* **WHAT IS REQUIRED**:
The span to repeat in the listing below runs from the line containing "Obrázek 1. Lorenzo" to the line containing "Uprostřed stojí Kristus, nad", inclusive. Repeat it exactly, and only it.
(SOURCE INFORMATION begins)
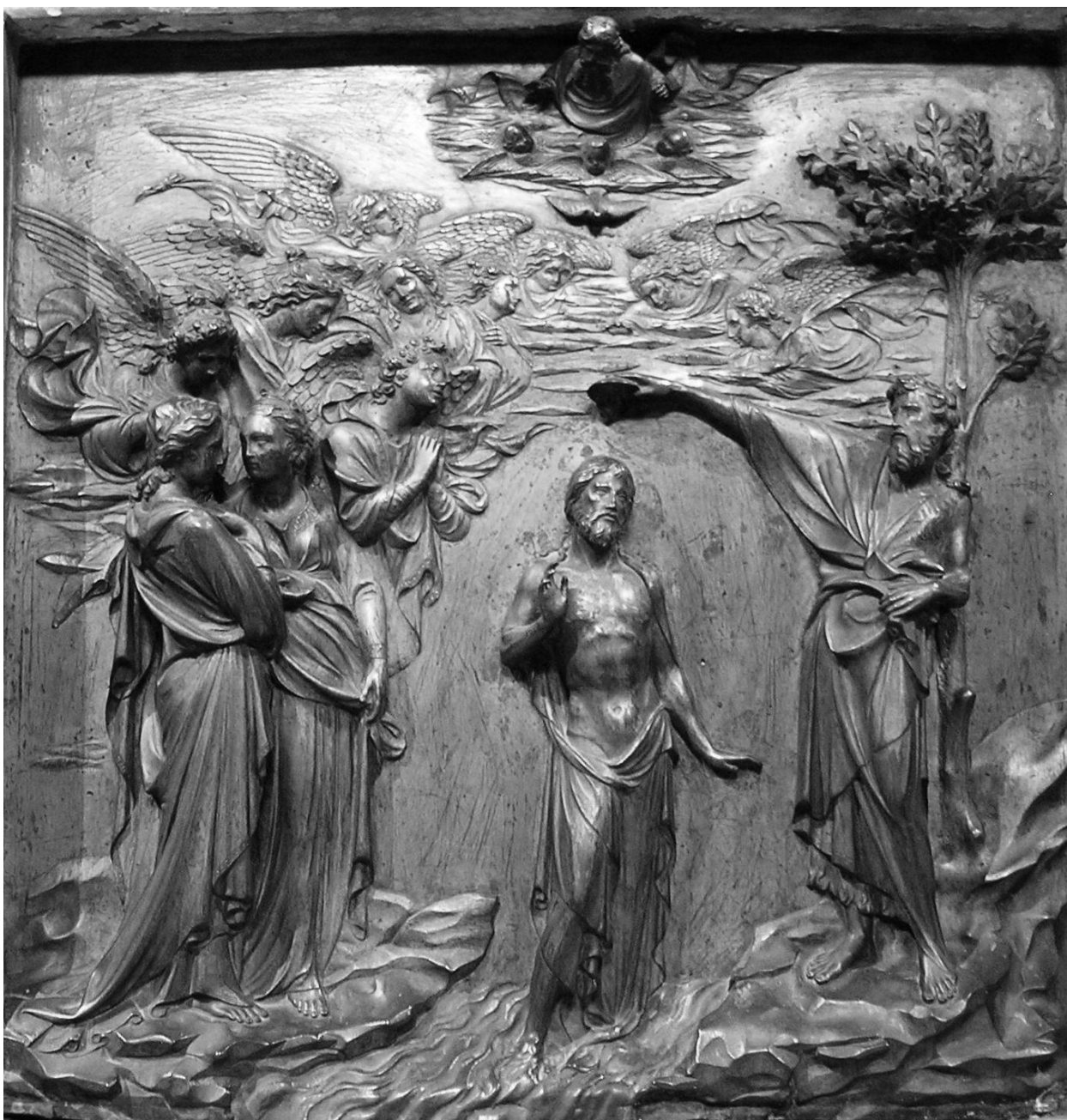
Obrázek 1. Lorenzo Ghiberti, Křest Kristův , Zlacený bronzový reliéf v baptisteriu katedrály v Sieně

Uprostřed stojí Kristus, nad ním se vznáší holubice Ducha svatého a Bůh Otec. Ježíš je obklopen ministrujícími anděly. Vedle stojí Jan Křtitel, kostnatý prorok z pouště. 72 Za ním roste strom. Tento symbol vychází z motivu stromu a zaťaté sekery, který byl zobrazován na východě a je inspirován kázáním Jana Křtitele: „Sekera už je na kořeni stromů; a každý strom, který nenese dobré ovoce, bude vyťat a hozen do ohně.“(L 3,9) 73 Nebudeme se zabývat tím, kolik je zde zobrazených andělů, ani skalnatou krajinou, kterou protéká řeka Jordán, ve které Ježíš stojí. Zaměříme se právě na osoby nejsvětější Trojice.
(SOURCE INFORMATION ends)
(SOURCE INFORMATION begins)
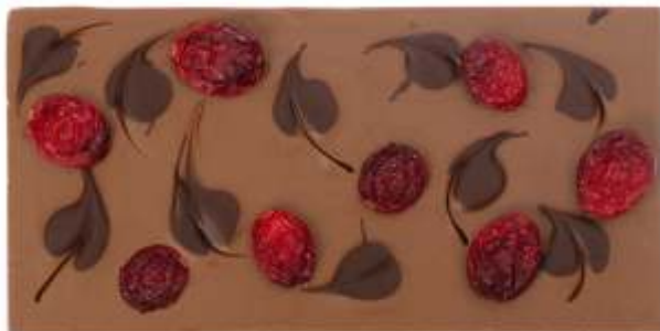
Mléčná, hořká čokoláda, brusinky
(SOURCE INFORMATION ends)
* **ANSWER SECTION**:
Obrázek 1. Lorenzo Ghiberti, Křest Kristův , Zlacený bronzový reliéf v baptisteriu katedrály v Sieně

Uprostřed stojí Kristus, nad ním se vznáší holubice Ducha svatého a Bůh Otec. Ježíš je obklopen ministrujícími anděly. Vedle stojí Jan Křtitel, kostnatý prorok z pouště. 72 Za ním roste strom. Tento symbol vychází z motivu stromu a zaťaté sekery, který byl zobrazován na východě a je inspirován kázáním Jana Křtitele: „Sekera už je na kořeni stromů; a každý strom, který nenese dobré ovoce, bude vyťat a hozen do ohně.“(L 3,9) 73 Nebudeme se zabývat tím, kolik je zde zobrazených andělů, ani skalnatou krajinou, kterou protéká řeka Jordán, ve které Ježíš stojí. Zaměříme se právě na osoby nejsvětější Trojice.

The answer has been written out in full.